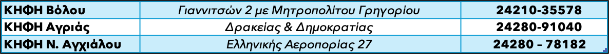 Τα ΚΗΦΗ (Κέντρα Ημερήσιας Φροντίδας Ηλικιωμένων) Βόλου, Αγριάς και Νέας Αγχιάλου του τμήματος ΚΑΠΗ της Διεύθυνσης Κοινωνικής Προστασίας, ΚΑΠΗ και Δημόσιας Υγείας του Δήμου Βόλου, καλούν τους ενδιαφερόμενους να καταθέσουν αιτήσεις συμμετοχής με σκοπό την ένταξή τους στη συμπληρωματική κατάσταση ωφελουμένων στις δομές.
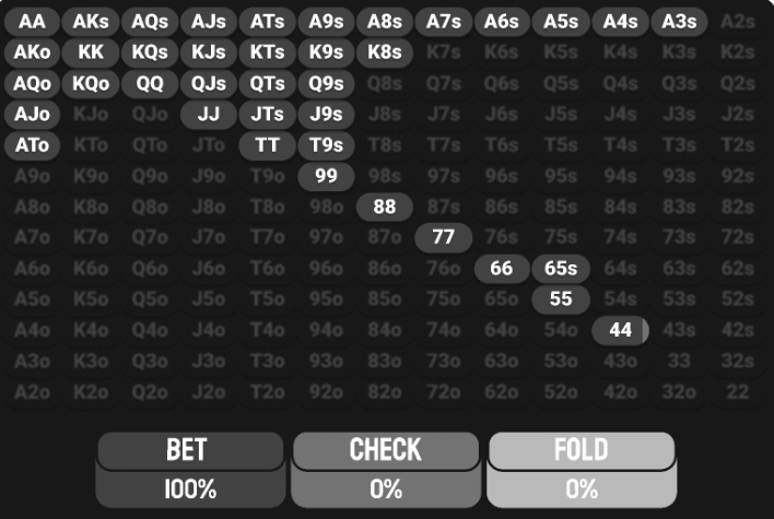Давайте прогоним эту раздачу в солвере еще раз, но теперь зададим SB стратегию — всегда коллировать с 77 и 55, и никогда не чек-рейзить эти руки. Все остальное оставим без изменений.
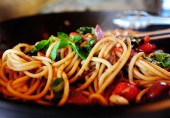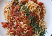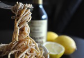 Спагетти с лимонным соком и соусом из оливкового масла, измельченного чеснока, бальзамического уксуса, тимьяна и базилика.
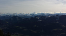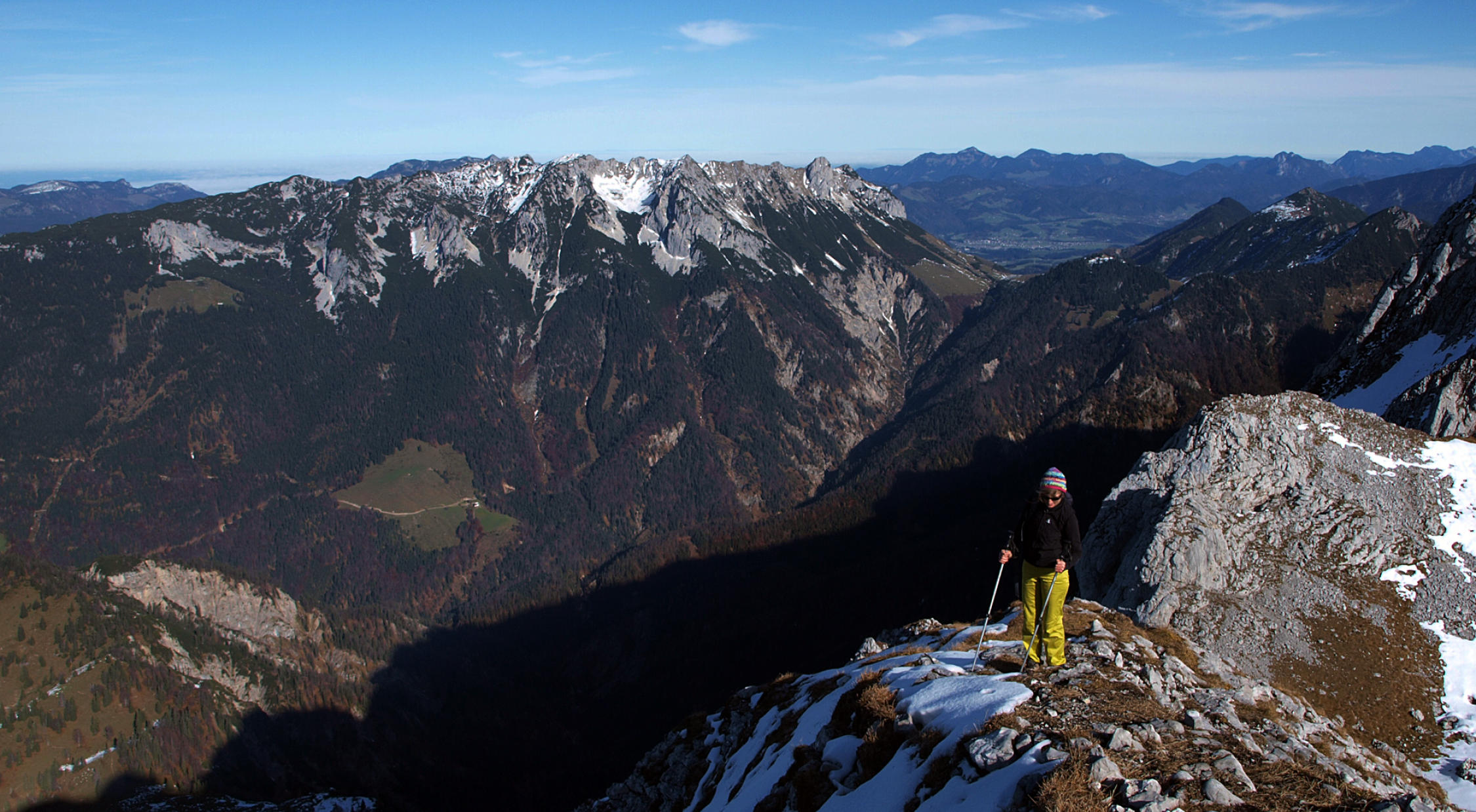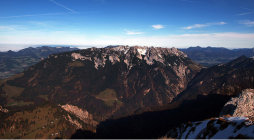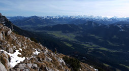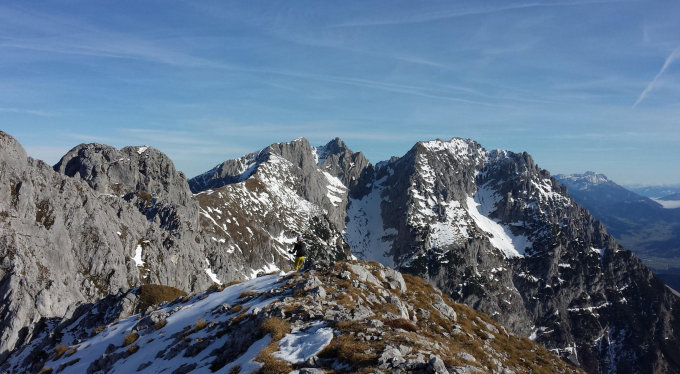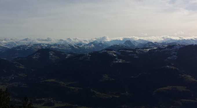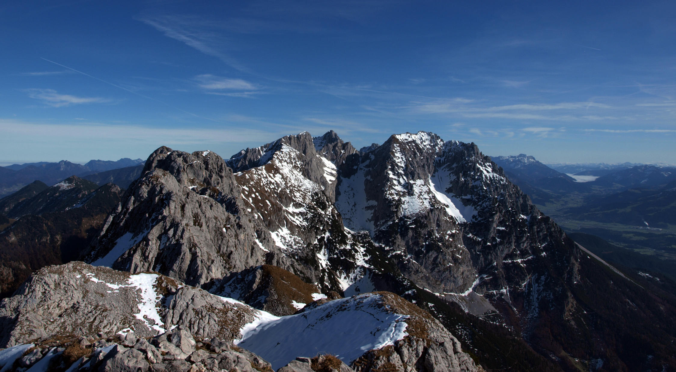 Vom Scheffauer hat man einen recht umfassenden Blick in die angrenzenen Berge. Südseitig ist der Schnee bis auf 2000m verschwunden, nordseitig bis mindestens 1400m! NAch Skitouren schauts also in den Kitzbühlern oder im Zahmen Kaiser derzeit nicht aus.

------------------------------------------------------------

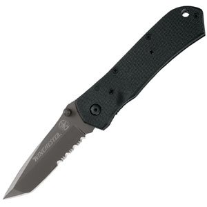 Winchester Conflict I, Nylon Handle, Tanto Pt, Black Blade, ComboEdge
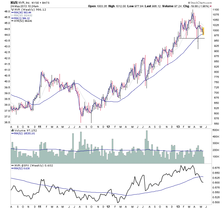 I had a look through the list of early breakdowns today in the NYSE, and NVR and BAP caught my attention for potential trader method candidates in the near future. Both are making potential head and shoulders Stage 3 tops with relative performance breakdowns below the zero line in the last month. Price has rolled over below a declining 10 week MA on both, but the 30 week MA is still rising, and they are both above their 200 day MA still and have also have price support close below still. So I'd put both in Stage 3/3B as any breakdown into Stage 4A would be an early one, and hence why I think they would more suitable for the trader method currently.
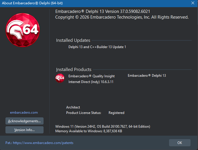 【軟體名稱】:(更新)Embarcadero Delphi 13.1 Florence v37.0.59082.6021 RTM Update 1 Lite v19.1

------------------------------------------------------------

EXERCISE DETAILS: Your copy should hold the lines from the one with "Τα ΚΗΦΗ (Κέντρα" up to and including the one with "Спагетти с лимонным", exactly as in the data above, and no pictures.

TASK OUTPUT:
 Τα ΚΗΦΗ (Κέντρα Ημερήσιας Φροντίδας Ηλικιωμένων) Βόλου, Αγριάς και Νέας Αγχιάλου του τμήματος ΚΑΠΗ της Διεύθυνσης Κοινωνικής Προστασίας, ΚΑΠΗ και Δημόσιας Υγείας του Δήμου Βόλου, καλούν τους ενδιαφερόμενους να καταθέσουν αιτήσεις συμμετοχής με σκοπό την ένταξή τους στη συμπληρωματική κατάσταση ωφελουμένων στις δομές.
Давайте прогоним эту раздачу в солвере еще раз, но теперь зададим SB стратегию — всегда коллировать с 77 и 55, и никогда не чек-рейзить эти руки. Все остальное оставим без изменений.
 Спагетти с лимонным соком и соусом из оливкового масла, измельченного чеснока, бальзамического уксуса, тимьяна и базилика.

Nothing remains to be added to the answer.